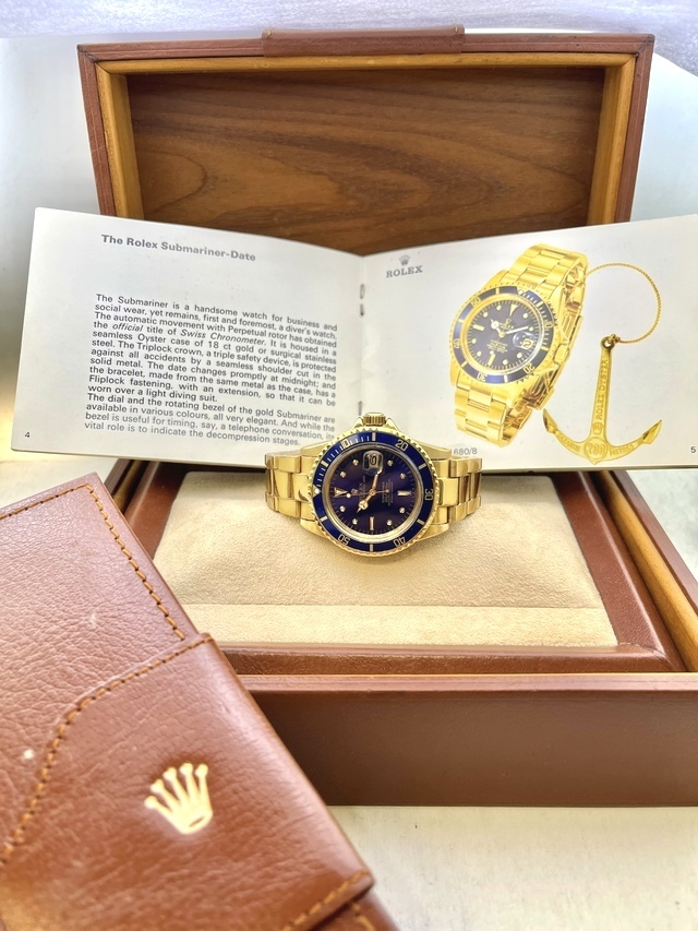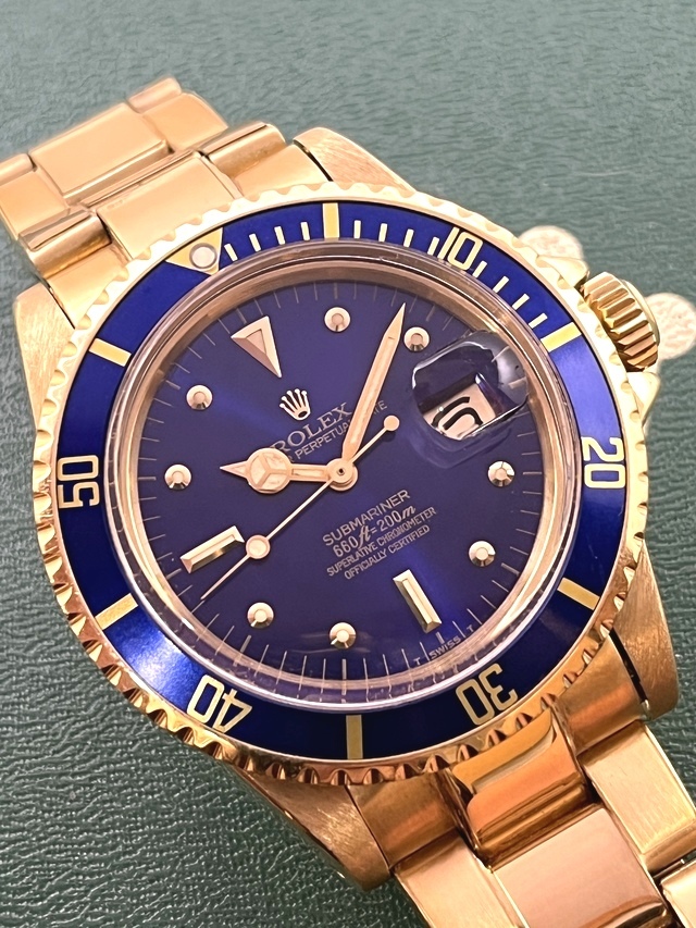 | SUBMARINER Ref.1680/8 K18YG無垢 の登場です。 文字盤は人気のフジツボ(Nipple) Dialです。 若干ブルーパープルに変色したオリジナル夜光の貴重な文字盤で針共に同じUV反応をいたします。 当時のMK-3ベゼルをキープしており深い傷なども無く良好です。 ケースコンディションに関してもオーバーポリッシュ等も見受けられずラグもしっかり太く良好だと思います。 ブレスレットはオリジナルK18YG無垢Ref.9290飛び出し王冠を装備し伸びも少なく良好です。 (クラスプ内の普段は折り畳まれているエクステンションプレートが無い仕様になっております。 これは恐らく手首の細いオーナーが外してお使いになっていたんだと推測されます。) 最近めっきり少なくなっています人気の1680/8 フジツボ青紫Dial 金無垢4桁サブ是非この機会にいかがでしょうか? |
...
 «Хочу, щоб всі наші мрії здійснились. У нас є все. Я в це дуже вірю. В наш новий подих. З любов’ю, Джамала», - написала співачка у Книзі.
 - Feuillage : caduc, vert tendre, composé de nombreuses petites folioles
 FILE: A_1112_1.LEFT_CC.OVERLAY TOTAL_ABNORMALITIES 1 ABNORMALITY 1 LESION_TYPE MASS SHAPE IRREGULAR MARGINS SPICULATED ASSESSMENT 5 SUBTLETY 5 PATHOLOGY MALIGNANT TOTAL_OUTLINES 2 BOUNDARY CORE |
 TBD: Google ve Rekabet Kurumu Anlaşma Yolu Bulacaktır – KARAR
---
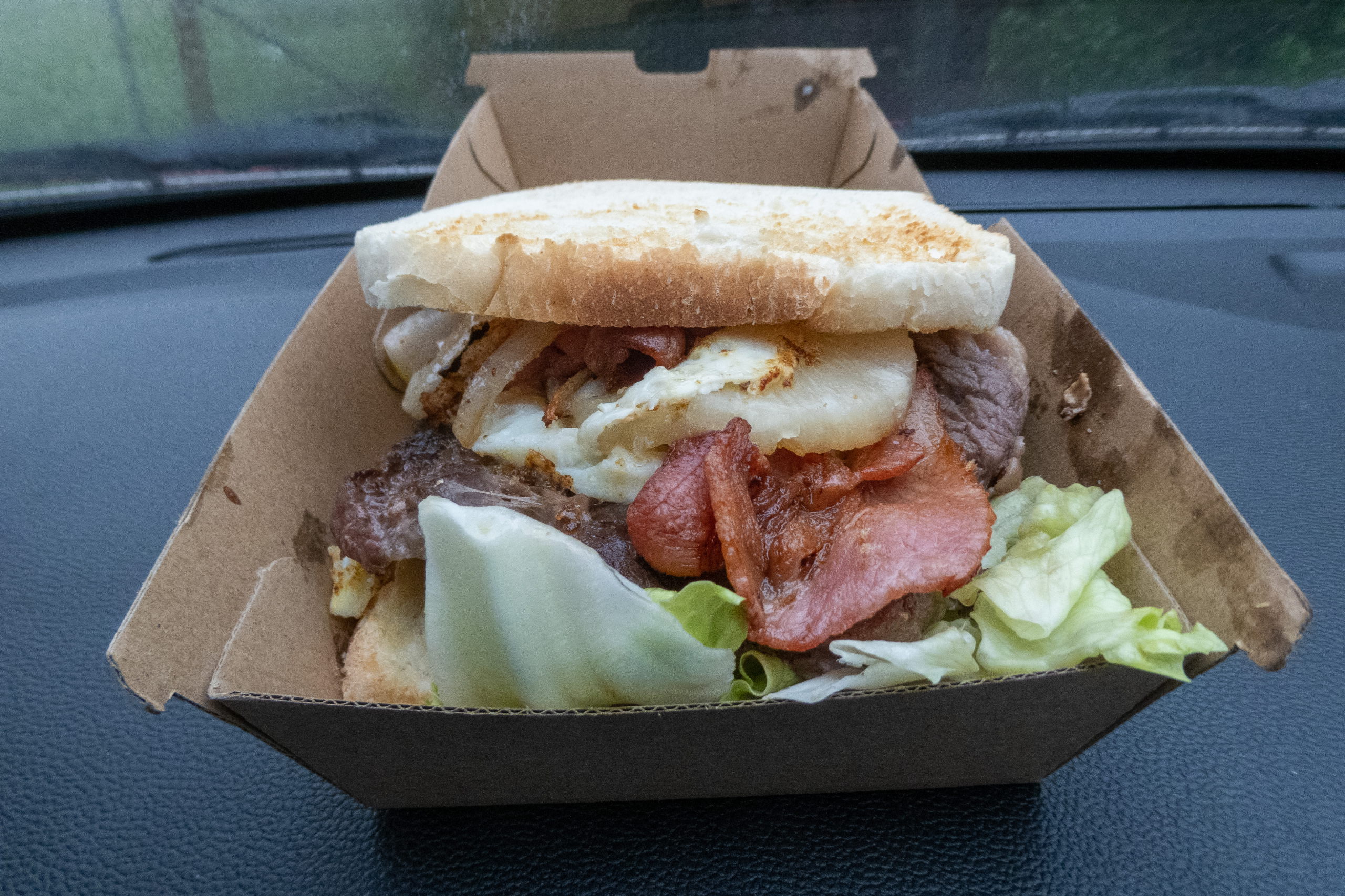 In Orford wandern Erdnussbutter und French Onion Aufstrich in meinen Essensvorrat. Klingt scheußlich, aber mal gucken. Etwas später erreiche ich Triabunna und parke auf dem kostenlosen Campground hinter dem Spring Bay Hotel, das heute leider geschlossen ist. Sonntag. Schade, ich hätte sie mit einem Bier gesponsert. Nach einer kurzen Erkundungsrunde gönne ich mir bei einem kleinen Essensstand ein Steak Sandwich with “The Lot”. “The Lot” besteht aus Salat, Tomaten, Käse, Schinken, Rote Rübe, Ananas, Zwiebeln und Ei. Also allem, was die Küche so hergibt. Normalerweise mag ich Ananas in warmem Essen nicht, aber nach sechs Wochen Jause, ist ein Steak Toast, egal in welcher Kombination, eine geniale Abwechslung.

PROBLEM TO SOLVE
Where the listing above reaches the line that contains "співачка у Книзі.", start retyping, and finish with the line that contains "- Feuillage : caduc, vert"; reproduce those lines exactly and no others.

TASK SOLUTION
 «Хочу, щоб всі наші мрії здійснились. У нас є все. Я в це дуже вірю. В наш новий подих. З любов’ю, Джамала», - написала співачка у Книзі.
 - Feuillage : caduc, vert tendre, composé de nombreuses petites folioles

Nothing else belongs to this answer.